Roger Atkinson Pryor - Postbellum Activities

Postbellum Activities

In 1865, an impoverished Pryor moved to New York City, invited by friends he had known before the war. He eventually established a law firm with the politician Benjamin F. Butler of Boston. Butler had been a Union general who was widely known and hated in the South. Pryor became active in Democratic politics in New York.

Pryor brought his family from Virginia to New York in 1868, and they settled in Brooklyn Heights. They struggled with poverty for years but gradually began to get re-established.

Pryor learned to operate in New York Democratic Party politics, where he was prominent among influential southerners who became known as "Confederate carpetbaggers." Eventually he gave speeches saying that he was glad that the nation had reunited and that the South had lost. Pryor was elected as a delegate to the Democratic National Convention in 1876, a year before the federal government pulled its last military forces out of the South and ended Reconstruction.

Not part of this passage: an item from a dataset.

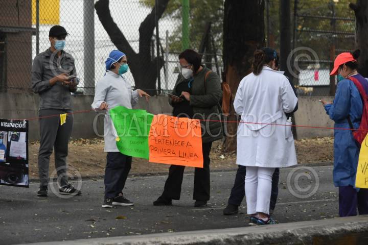 Personal médico privado se manifestó a las afueras de Palacio Nacional para exigir ser inmunizados ante la Covid-19.

Chosen by the Democratic Party for the important Decoration Day address in 1877, after the national compromise that resulted in the federal government pulling its troops out of the South, Pryor vilified Reconstruction and promoted the Lost Cause. He referred to all the soldiers as noble victims of politicians, although he had been one who gave fiery speeches in favor of secession and war. Historian David W. Blight has written that Pryor was one of a number of influential politicians who shaped the story of the war as excluding the issue of slavery; in the following years, the increasing reconciliation between the North and South was based on excluding freedmen and the issues of race.

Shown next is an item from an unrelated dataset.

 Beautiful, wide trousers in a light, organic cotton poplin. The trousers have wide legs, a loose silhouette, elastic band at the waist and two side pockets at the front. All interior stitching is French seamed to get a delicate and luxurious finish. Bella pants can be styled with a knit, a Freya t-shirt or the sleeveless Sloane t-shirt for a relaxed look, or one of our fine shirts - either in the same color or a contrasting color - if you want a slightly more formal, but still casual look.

In 1890, Pryor was appointed as judge of the New York Court of Common Pleas, where he served until 1894. He was next appointed as justice of the New York Supreme Court, serving from 1894 to 1899, when he retired.

In December 1890, Pryor joined the New York chapter of the new heritage/lineage organization, Sons of the American Revolution (SAR), for male descendants of participants in the war. When admitted, he and his documented ancestors were all entered under his membership number of 4043. Annoyed at being excluded from the men's club, Sara Agnes Rice Pryor and other women founded chapters of the Daughters of the American Revolution, setting up their own lineage society to recognize women's contributions and organize for historic preservation and education.

In retirement, Pryor was appointed on April 10, 1912 as official referee by the appellate division of the State Supreme Court. He served until his death seven years later in New York City. He was buried in Princeton Cemetery, in Princeton, New Jersey., where his wife and their sons Theodorick and William had already been buried.